Why a Vietnamese Team Made This Possible in 3 Days

I’m not going to pretend we built this alone. My US-based team of two would have taken at least a week—too much context switching and firefighting. We brought in three senior engineers from ECOA AI based in Can Tho. They’d worked with Node.js and Redis on similar projects before. They didn’t need handholding.

One of them, a mid-level dev at $2,000/month, spotted the duplicate delivery bug in Step 2 *before* we hit staging. That saved us a day of debugging.

The total labor cost for this feature: less than $3,000. A comparable onshore US team would run you $15,000–$20,000 for the same three days. Don’t take my word for it—check the numbers yourself.

Putting It All Together

Here’s the `docker-compose.yml` we used locally (production uses AWS ElastiCache):

yaml
version: '3.8'
services:
  app:
    build: .
    ports:
      - "3000:3000"
    environment:
      - REDIS_HOST=redis
    depends_on:
      - redis
  redis:
    image: redis:7-alpine
    ports:
      - "6379:6379"

Run it, open a few browser tabs with the same userId, fire a notification from a script, and watch all tabs update instantly. Feels like magic. It’s just tech.

A Few Hard-Won Lessons

Always validate WebSocket frame sizes. Default is 100 MB. Set `maxPayload` to 10 KB for notifications. One malicious client can crash your server by sending a huge binary frame.
Use `permessage-deflate` with caution. It reduces bandwidth but adds latency. We turned it off.
Don’t store the full message in Redis. Store a reference ID and let the client fetch details via REST. We store only `{ type, title, timestamp }`.

Now, you might be wondering: *Is this overengineering for a small app?* Honestly, if you have less than 500 concurrent users, just use Socket.IO. But if you’re scaling or you need to support multiple server instances, this pattern is dead simple and rock solid.

We’ve since used the same architecture for a live chat system and a collaborative editing feature. It took us about 2 hours to adapt each time. The investment in the base code was absolutely worth it.

Frequently Asked Questions

Does this work with serverless (AWS Lambda)?

Not directly. WebSocket requires persistent connections. You can use API Gateway WebSocket API with Lambda, but the connection management is very different—Lambda is not stateful. Our pattern is designed for long-running servers (ECS, EC2, Kubernetes). If you need serverless, consider using a managed WebSocket service like AWS API Gateway WebSocket + DynamoDB to track connections, but be prepared for higher latency.
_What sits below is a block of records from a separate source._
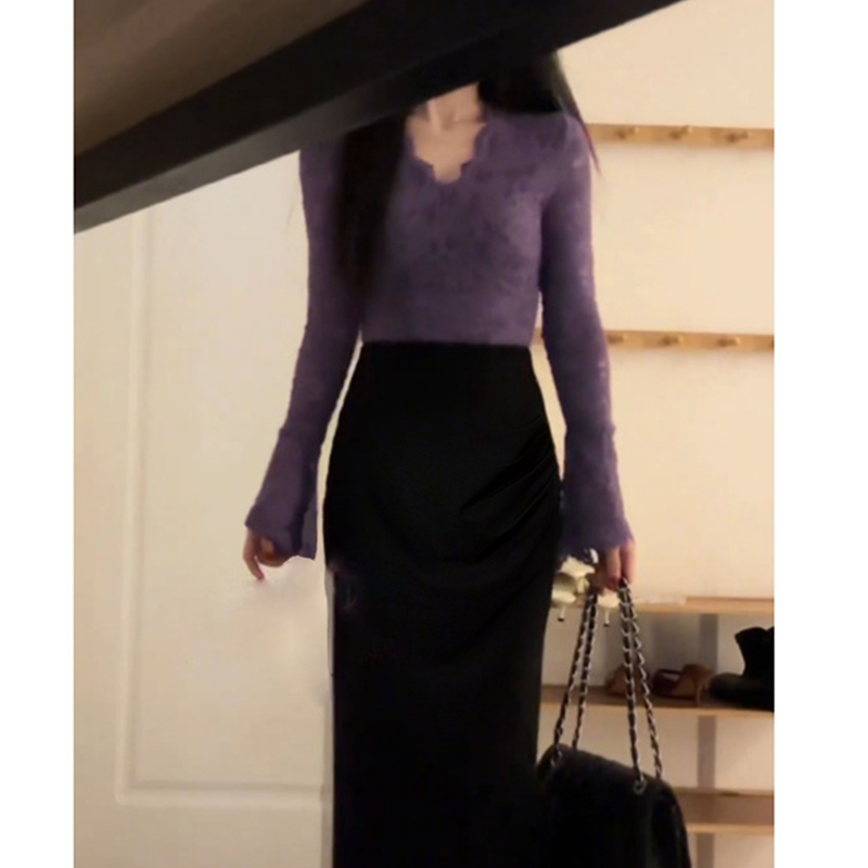 时尚修身精致千金风套装2025秋季新款显瘦上衣+半身裙两件套D3621
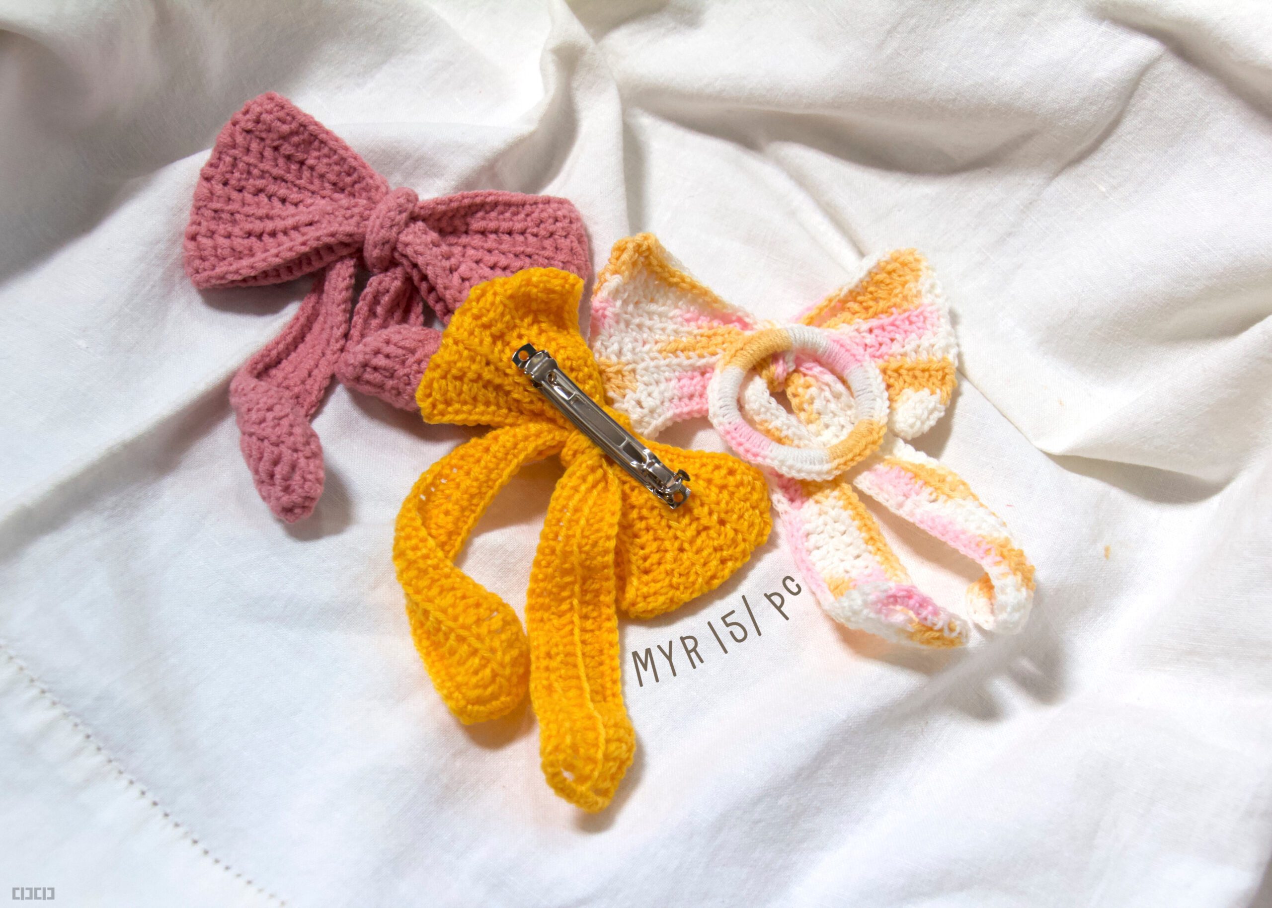 Part 1: came from one of the designer’s hobbies and talents, crochet. Yes, in this part, you’ll get to have another crocheted accessories but for your hair or even as headpieces on your hijab; scrunchies, headbands and hairclips~
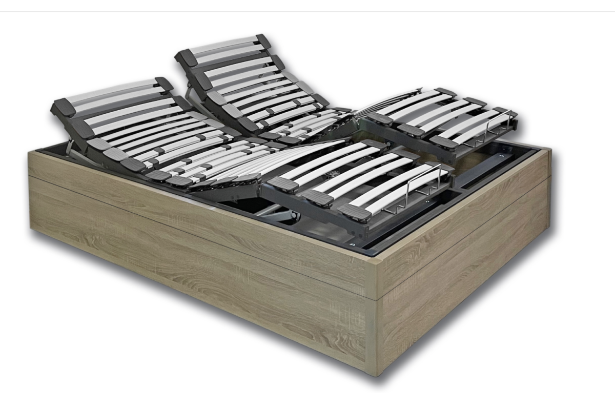 Lecho de descanso con sistema multiláminas recubiertas de polipropileno sobre tacos SBS, con regulación de firmeza en la zona lumbar.  Modelo articulado eléctrico, Mando RF sin cables con motor alemán silencioso de alta fiabilidad y durabilidad.
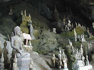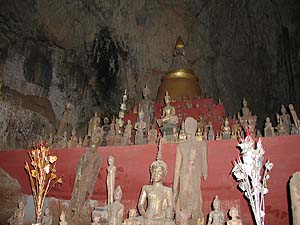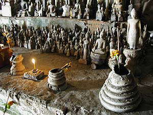 そしてわれらがアンカーさんの船はタムティン洞窟へ到着。ここまでは正味1.5hくらい。洞窟上陸用の浮き桟橋は結構小さくて、そこにうちらのような船がごちゃまんと強引に着岸しているという感じです。ここは見学料として8000kipが必要です。階段を上がっていくと供物を売るおばちゃん(我々が行くまではうたた寝してましたが、客の気配ありと見るや「はぁ〜い花はいらんかねぇ」といった感じに居ずまいを正しておられました)がいたりします。せっかくなのでお供えしてきました。
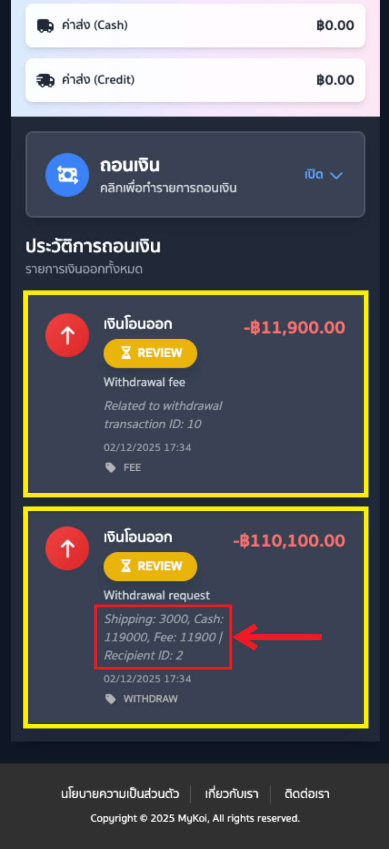 8. หลังจากกดยืนยันการถอนเงินแล้ว ระบบจะขึ้นว่าแจ้งถอนเงินสำเร็จ ยอดเงินสดพร้อมถอนเปลี่ยนเป็น 0 บาท และเมื่อเลื่อนลงมาตรงประวัติการถอนเงิน จะเห็นรายการเงินโอนออก 2 รายการ คือ ยอด 110,100 บาท (จากรูปตรงลูกศรสีแดงชี้ จะมีรายการแจกแจงยอดแสดงอยู่) และยอด 11,900 บาท สำหรับการถอนเงินนั้น ผู้ขายจะถูกหักค่าธรรมเนียมจากเว็บไซต์ 10% จากค่าปลา ส่วนค่าส่งจะไม่มีค่าธรรมเนียม โดยสามารถคำนวณได้ดังนี้
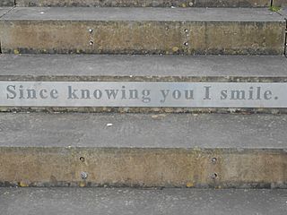 Description: "Since knowing you I smile": part of the "Word Sculpture" at Hanley Park , Stoke-on-Trent, England.

How do I handle reconnection after a server crash?

Clients should implement exponential backoff with a maximum delay of 30 seconds. On reconnect, they re-authenticate and the server delivers pending notifications from the Redis list. We also send a ‘last_event_id’ timestamp to avoid sending duplicates.

Can I replace Redis with something else?

Yes. NATS is a great alternative for Pub/Sub. For smaller setups, you could use `cluster` module in Node.js with in-process event emitter, but that only works on a single machine. Redis is the simplest multi-server solution.

What’s the maximum throughput?

We tested up to 50,000 concurrent connections on 4 t3.medium instances with Redis on a single t3.small. CPU on Redis hit 70% with 50,000 publishes/second. For higher throughput, use Redis Cluster or upgrade to a larger instance. For most B2B apps, that’s overkill.